Autrefois pilote de chasse, Pascal Niggel est aujourd’hui un psychologue clinicien reconnu dans l’univers du sport. Il officie notamment auprès des équipes de France jeunes depuis 2018. Lors du séminaire du Projet de Performance fédéral masculin qui s’est déroulé à la Maison du Handball, du 23 au 25 juin, Pascal Niggel est intervenu pour alimenter des pistes de réflexion de la détection.

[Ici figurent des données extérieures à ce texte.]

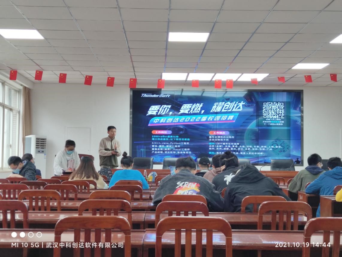 為了幫助計算機科學學院2022屆畢業生更好地了解招聘信息,找到自己心儀的企業。10月19日,計算機科學學院在9號教學樓211教室舉辦武漢中科創達軟件有限公司專場招聘會。
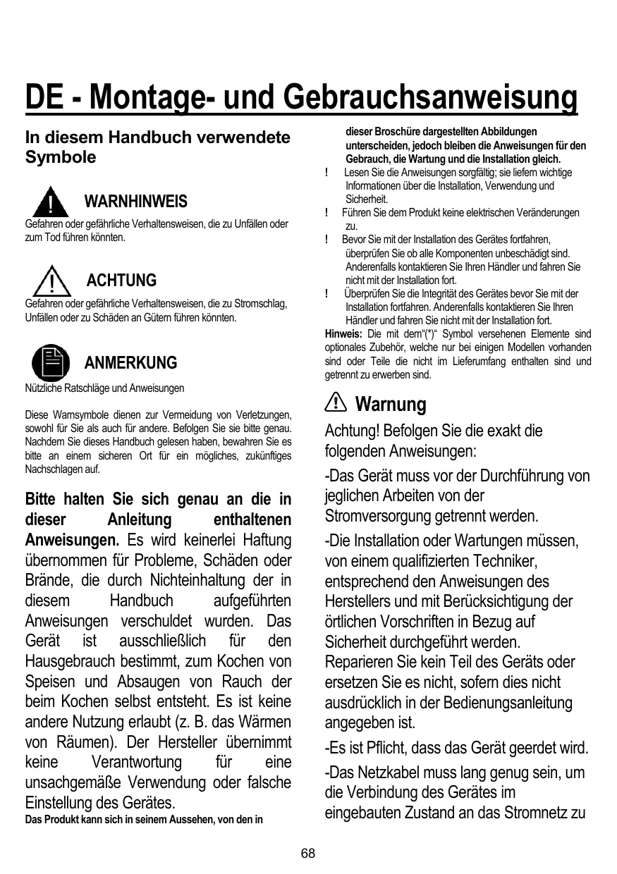 Bitte halten Sie sich genau an die in dieser Anleitung enthaltenen Anweisungen. Es wird keinerlei Haftung übernommen für Probleme, Schäden oder Brände, die durch Nichteinhaltung der in diesem Handbuch aufgeführten Anweisungen verschuldet wurden. Das Gerät ist ausschließlich für den Hausgebrauch bestimmt, zum Kochen von Speisen und Absaugen von Rauch der beim Kochen selbst entsteht. Es ist keine andere Nutzung erlaubt (z. B. das Wärmen von Räumen). Der Hersteller übernimmt keine Verantwortung für eine unsachgemäße Verwendung oder falsche Einstellung des Gerätes. Das Produkt kann sich in seinem Aussehen, von den in
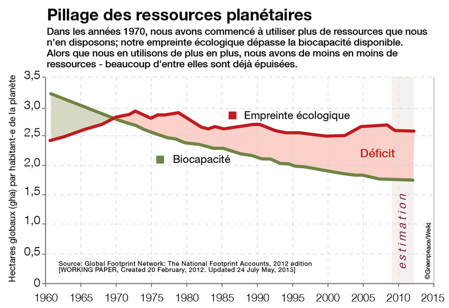Au rythme actuel, le Global Footprint Network évalue que «la demande de l’humanité en ressources et services écologiques exigerait une fois et demie la capacité de la Terre pour être satisfaite». Selon ces mêmes calculs, «nous aurons besoin de deux planètes d’ici 2050 si les tendances actuelles persistent». Si tous les Terriens consommaient comme les Canadiens, il nous faudrait l’équivalent de trois planètes et demie pour assurer notre subsistance.
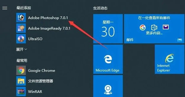 17.在系统开始菜单打开Photoshop 7.0.1软件。
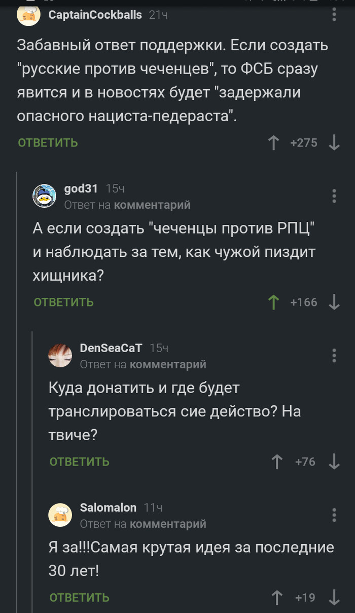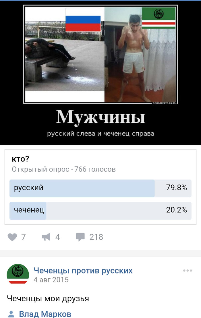 А мораль сей басни проста,что такие посты разжигают межнациональную рознь,неважно чеченец или русский увидев сей пост про оскорбление своего народа начинает подсознательно ненавидеть оппонента,запомните война начинается лишь тогда когда обе стороны уверены что они правы.
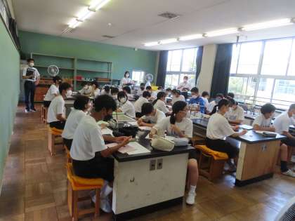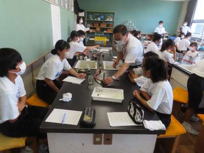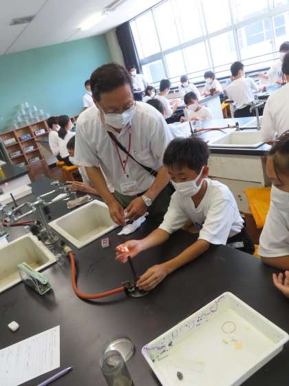 理科の実験の様子です。1Bの実験に小島支援員も参加してくださいました。
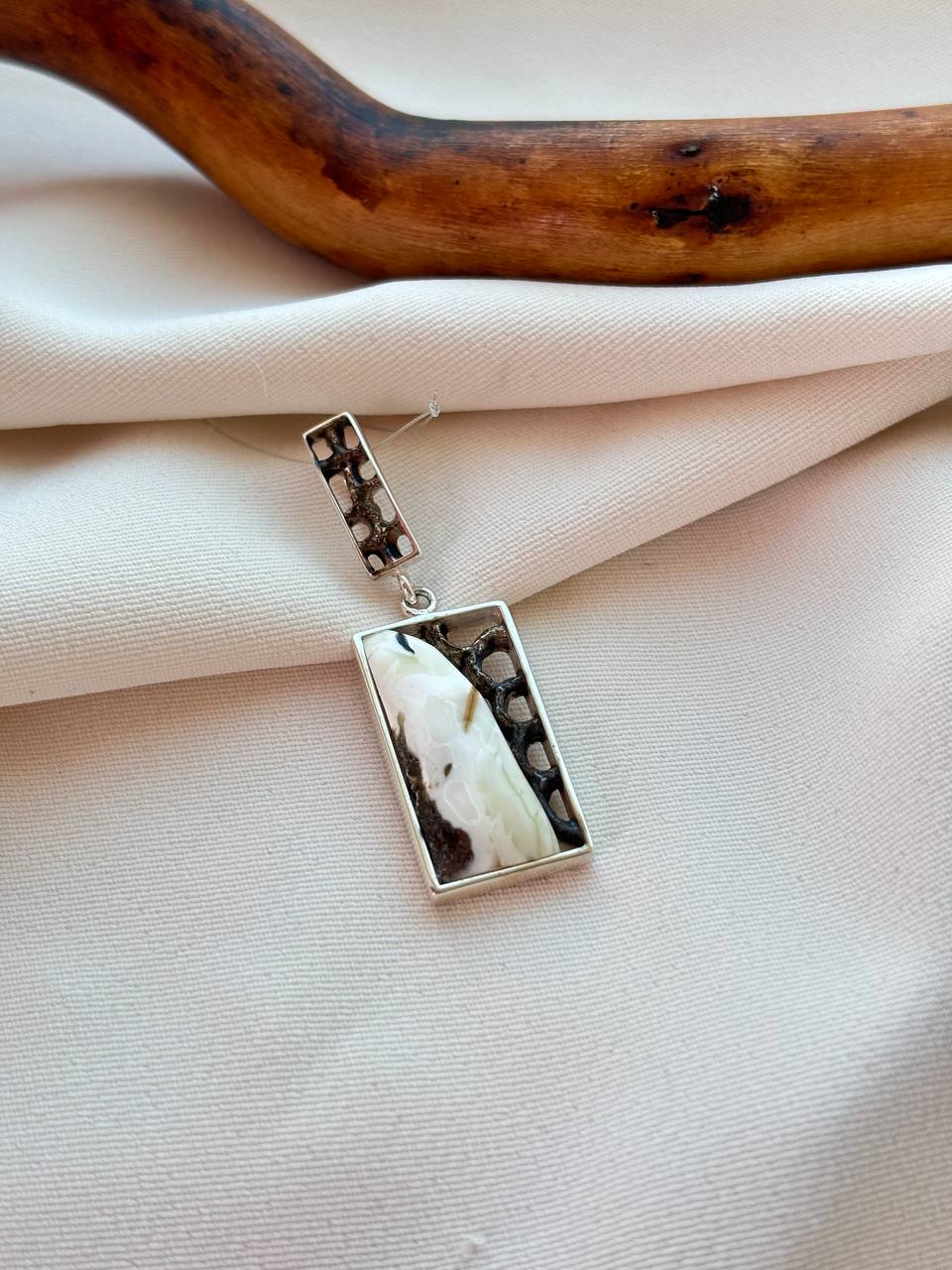 Храните кулон отдельно от других украшений в мягком мешочке или шкатулке с бархатной подкладкой, чтобы защитить серебро и нежную матовую поверхность камня от царапин.
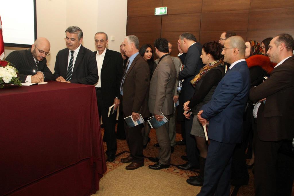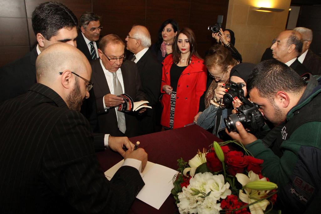حضر الحفل عدد من الفعاليات والشخصيات تقدمهم ممثل مفتي الجمهورية الشيخ عبداللطيف دريان الشيخ بلال الملا، ممثل قائد الجيش العماد جان قهوجي العميد الركن حسني ضاهر، ممثل الرئيس العماد ميشال عون المحامي رمزي دسوم، العميد مصطفى حمدان أمين الهيئة القيادية في حركة المرابطون ، القاضي الرئيسة ثريا صلح، ممثل نقيب المحامين الشيخ انطونيو الهاشم المحامي ناجي خميس، نقباء المحامين السابقين النقيب عصام كرم والنقيبة أمل حداد والنقيب محمد شهاب ، الأستاذ معن بشور رئيس تجمع اللجان والروابط الشعبية، المحامي أحمد مرعي نائب رئيس حزب الإتحاد، ممثل عن رئيس المؤتمر الشعبي اللبناني الاستاذ كمال شاتيلا ، رئيس الحركة الثقافية الأستاذ بلال شرارة، المؤرخ الدكتور حسان حلاق، رئيس لجنة الحريات وحقوق الإنسان في نقابة المحامين الدكتور عبد السلام شعيب، أمين سر صندوق التقاعد في نقابة المحامين المحامي سعيد علامة، رئيس قلم محكمة الإفلاس في بيروت الأستاذ جهاد مشموشي، كاتب عدل بيروت الاستاذ أحمد ضاهر، نائب رئيس الاتحاد الدولي لكمال الأجسام الأستاذ مليح عليوان، الدكتور محمد مكي رئيس إتحاد الجمباز اللبناني، الشاعر الأمير طارق آل ناصر الدين، الأستاذ عماد عكاوي رئيس هيئة الإسعاف الشعبي، الدكتورة الجامعية والكاتبة منى فياض، المرشح السابق لمركز نقيب المحامين المحامي عزيز طربيه، عبدالله نجم رئيس اتحاد الشباب الوطني، عدنان برجي عضو هيئة التنسيق النقابية، الإعلامية مارلين دياب، وعدد كبير من المحامين والفعاليات الحزبية والسياسية وعدد من الشعراء والأصدقاء والأقارب .
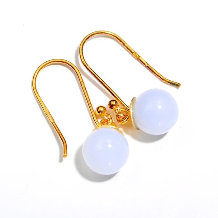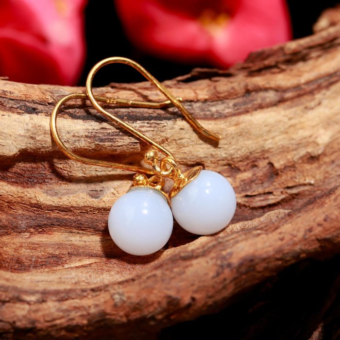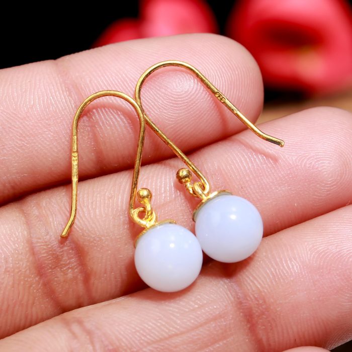 Natural White Chalcedony Balls Shape Dangle Earrings 14K Gold Jewelry Promise Gift
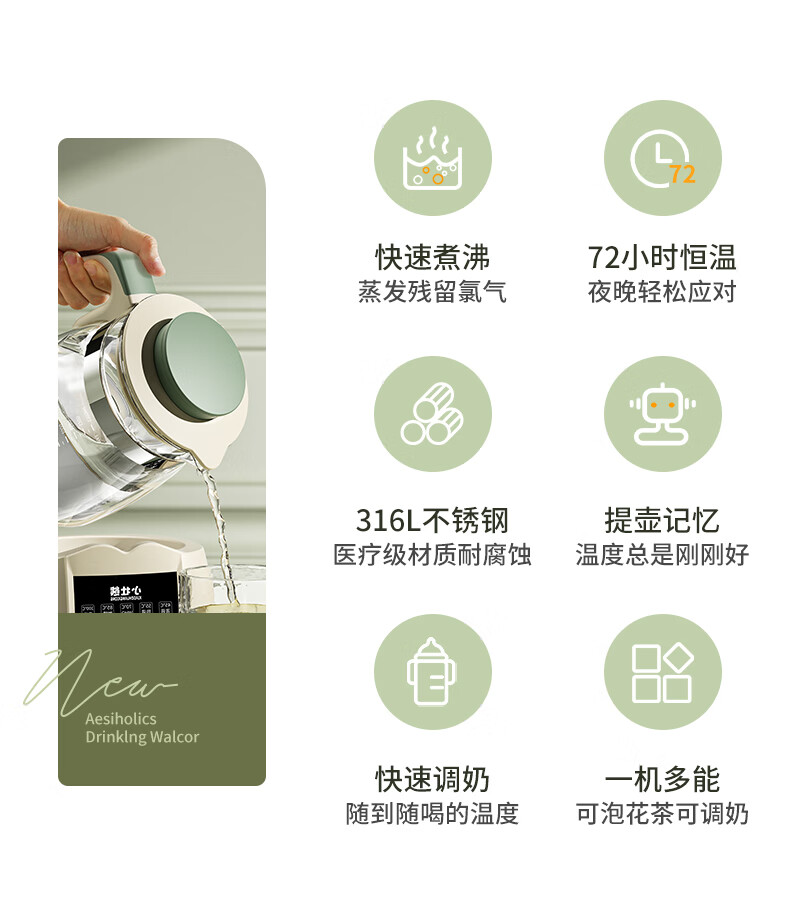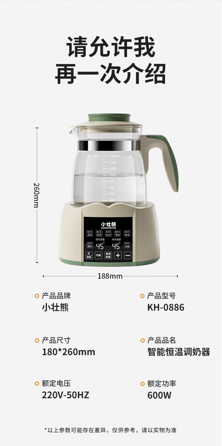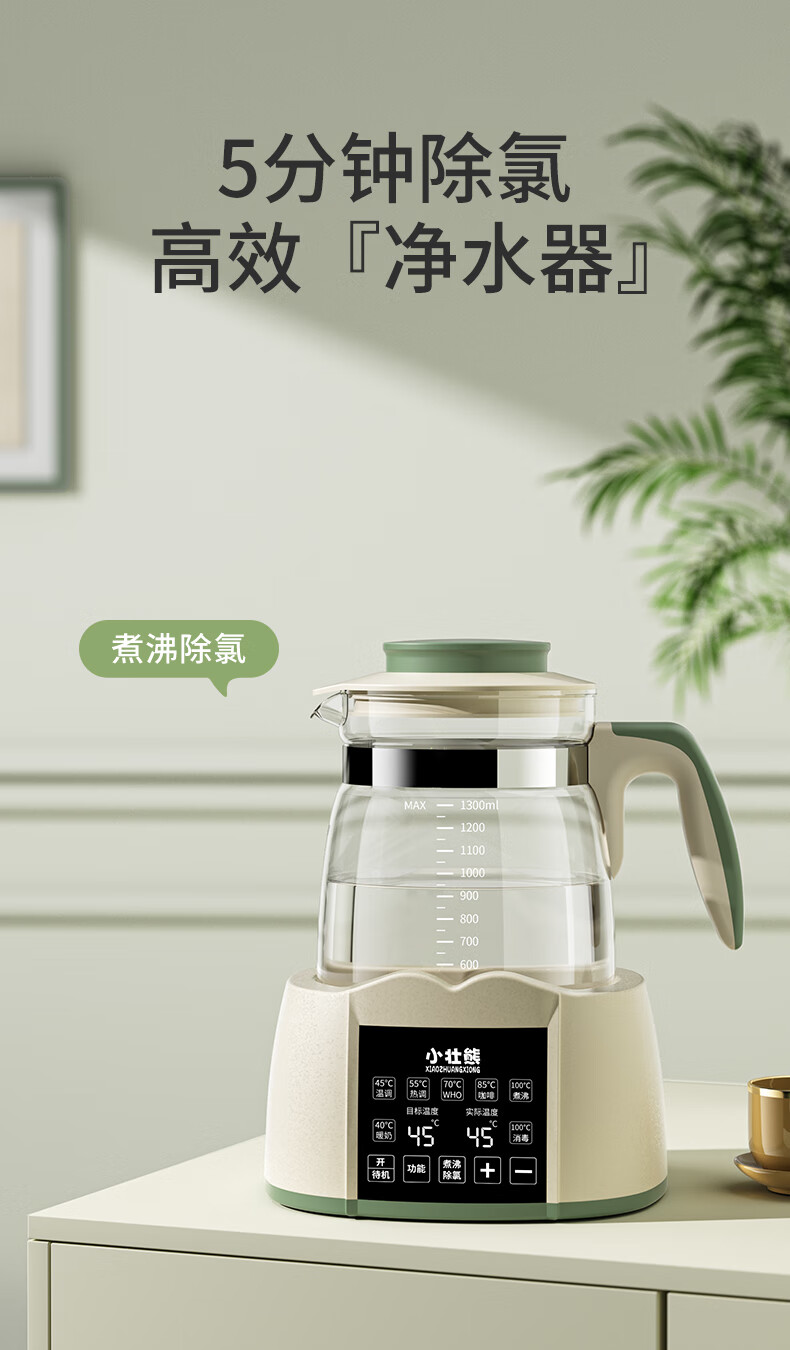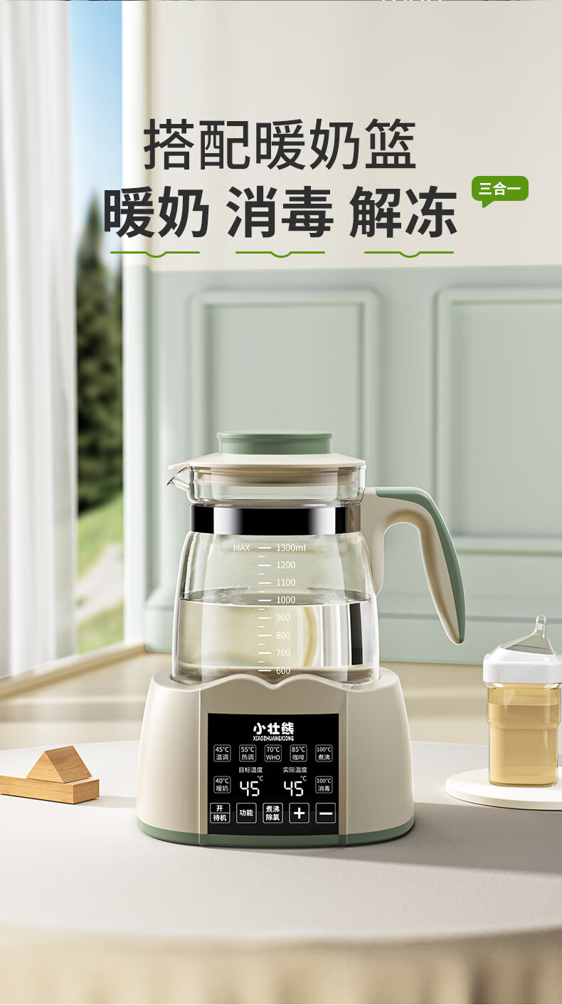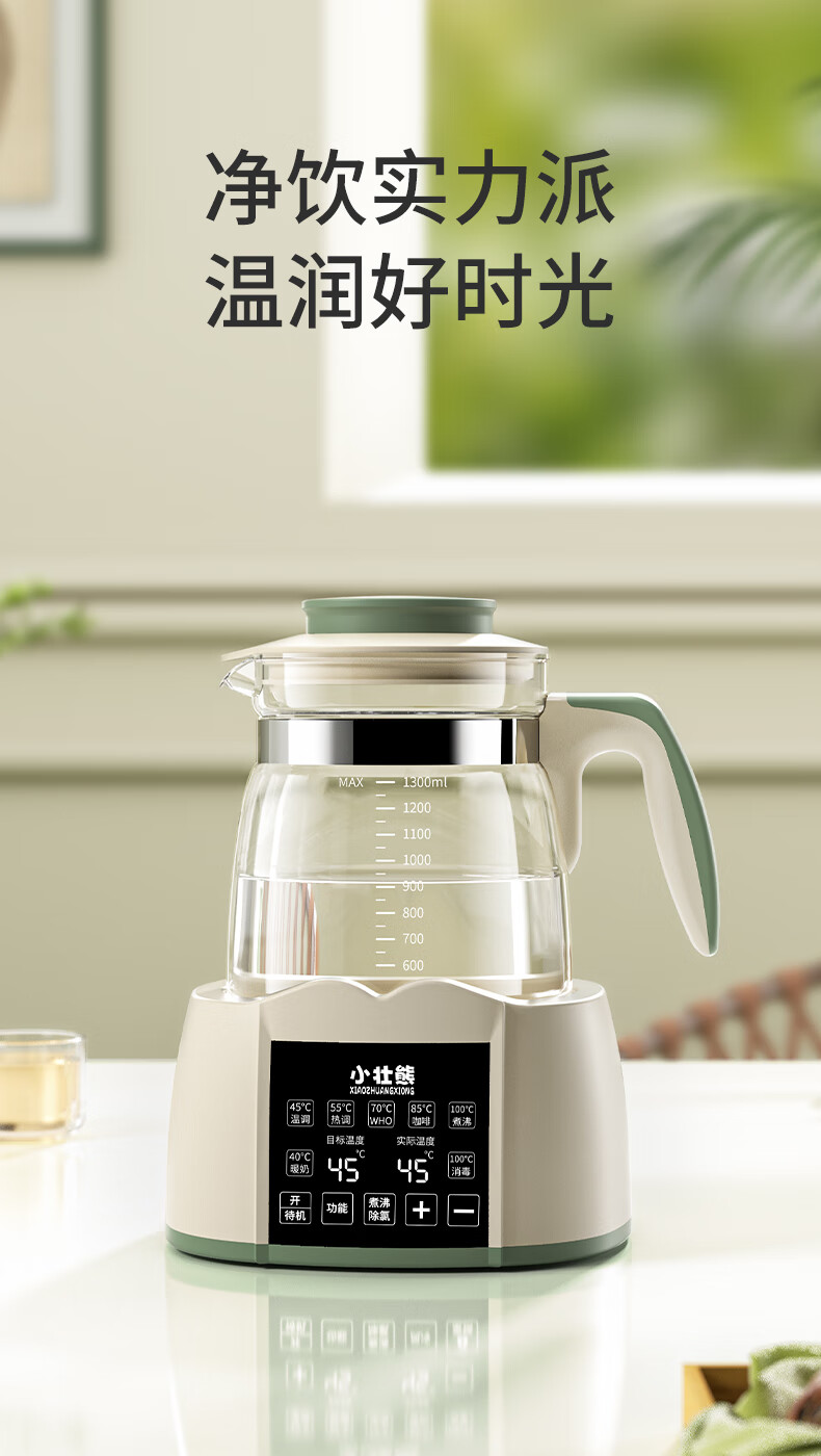 Xiaozhuangxiong (XIAOZHAUNGXIONG) constant temperature kettle baby constant temperature kettle milk regulator warm milk warmer household milk powder electric kettle 316L national trend green 1300ml kettle memory
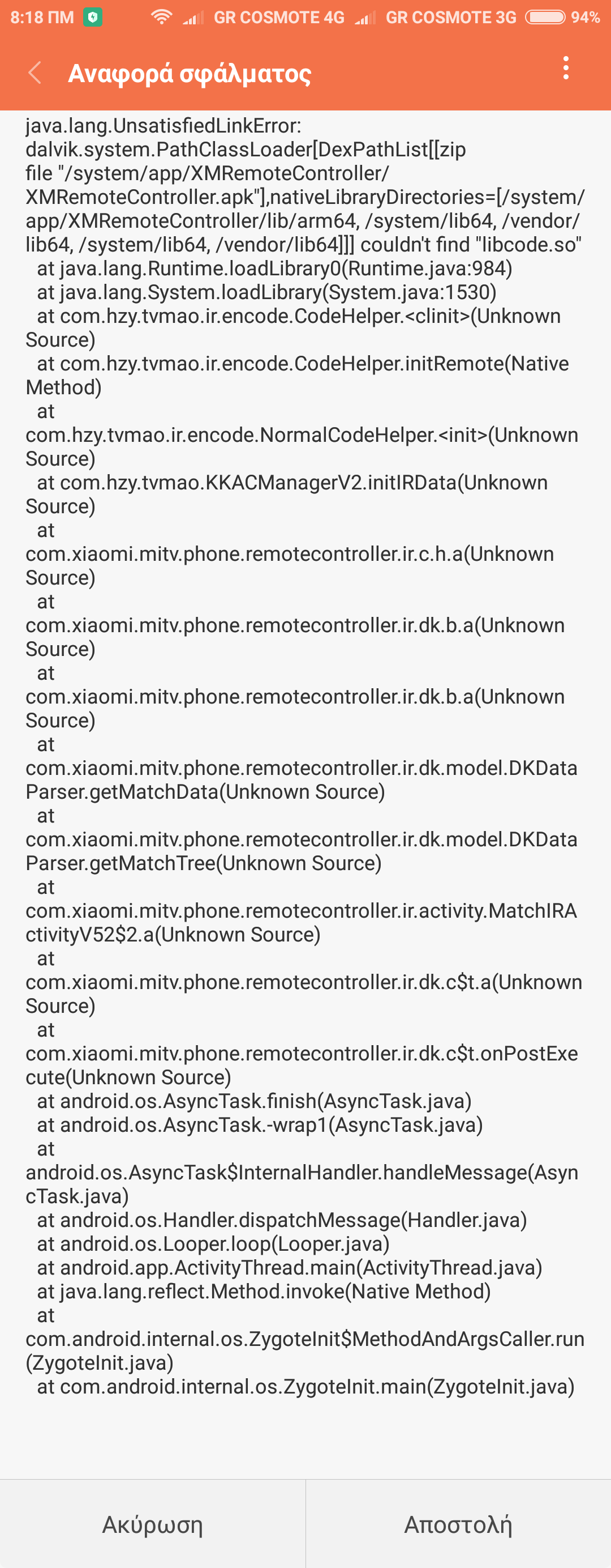 έχω και σφάλμα στο τηλεχειστηριο όταν ανοίγω την εφαρμογή
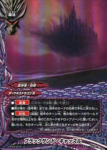 Japanese title: バディファイト/上/魔法/ダークネスドラゴンW/[BF-X-BT03]バッツ ブースターパック第3弾「逆天!雷帝軍!!」 X-BT03/0073[上]:ブラックサンド・キャッスル(ガチレア仕様)

Pascal, quel est ton rôle auprès des équipes de France jeunes ?
À la demande de Pascal Bourgeais, voici deux saisons que j’interviens auprès des équipes de France U17, U19 et U21. Pour monter en puissance, il a fallu harmoniser les calendriers afin que je puisse faire connaissance avec les collectifs. Le premier objectif est de découvrir leur fonctionnement et les problématiques auxquelles ils sont confrontés. Je trouve important de travailler auprès des athlètes pendant les stages et les compétitions afin d’observer ce qu’il se passe en situation de passion. Il n’est pas toujours évident de comprendre que notre source d’information c’est le temps passé. Car le psychologue ne dispose pas de matière tangible comme le corps médical qui s’appuie sur des examens, des radios, des clichés, etc…

Quels étaient les objectifs de cette intervention auprès des responsables de pôles ?
La FFHandball s’interroge sur la méthode qui a permis à ses équipes de beaucoup gagner jusqu’à présent. À l’image d’autres fédérations, le handball est capable de former des supers athlètes. Or, les populations d’athlètes changent et il est judicieux de se questionner sur les critères de recrutement. Car un jour on envoie l’athlète sur le terrain et cela s’apparente à lancer une pièce en l’air en disant « est-ce que ça va le faire ou pas ? » Il est nécessaire de leur apprendre à être des compétiteurs en même temps que leur apprendre à être des athlètes. C’est la question de l’entraîneur, pas celle du psychologue ou du préparateur mental. Il faut nécessairement prendre en compte cet aspect très tôt dans la formation. Les entraîneurs ont la compétence et la capacité de lecture des jeunes pour déceler les moments où ils partent sur la mauvaise voie. L’idée est de démystifier le mental, de créer des modèles simplifiés et des approches accessibles à tous. Il s’agit d’éveiller une vigilance accrue sur ces processus mentaux afin de les désamorcer dès qu’ils apparaissent pour débarrasser les acteurs de leurs appréhensions. Cela n’a pas de sens qu’un gamin de 14 ans ait peur de filer au but. Si la peur existe, c’est que quelque chose ne s’est pas mis en place pendant la formation.

Dans le secteur masculin, le recours à un préparateur mental ou à un psychologue a longtemps été tabou. Qu’en est-il aujourd’hui ?
Longtemps, le pragmatisme a prévalu avec des équipes qui pensaient pouvoir régler elles-mêmes les difficultés. Si un collectif, est bien construit, cela peut en effet suffire. Dans une interview récente, Dan Carter déclarait « Il y a dix ans si tu disais que tu voyais un psy, on te prenait pour un fou. Aujourd’hui, si tu n’en vois pas, on te prend pour un dingue. »
Intervenir avec humilité, discrétion et simplicité, au service du projet, facilite le contact avec les athlètes. La crainte de la trahison n’existe plus et les freins se sont libérés. La démarche est inscrite dans un processus global et on ne se refuse rien sur la méthode : des séances de travail collectives avec l’équipe, avec le staff, avec les deux, ainsi que des entretiens individuels si un besoin est identifié. J’essaie de partager l’idée que l’on peut remettre de la joie dans la pratique de compétition. Et quand ça se passe mal sur le terrain, c’est là où on va s’éclater le plus.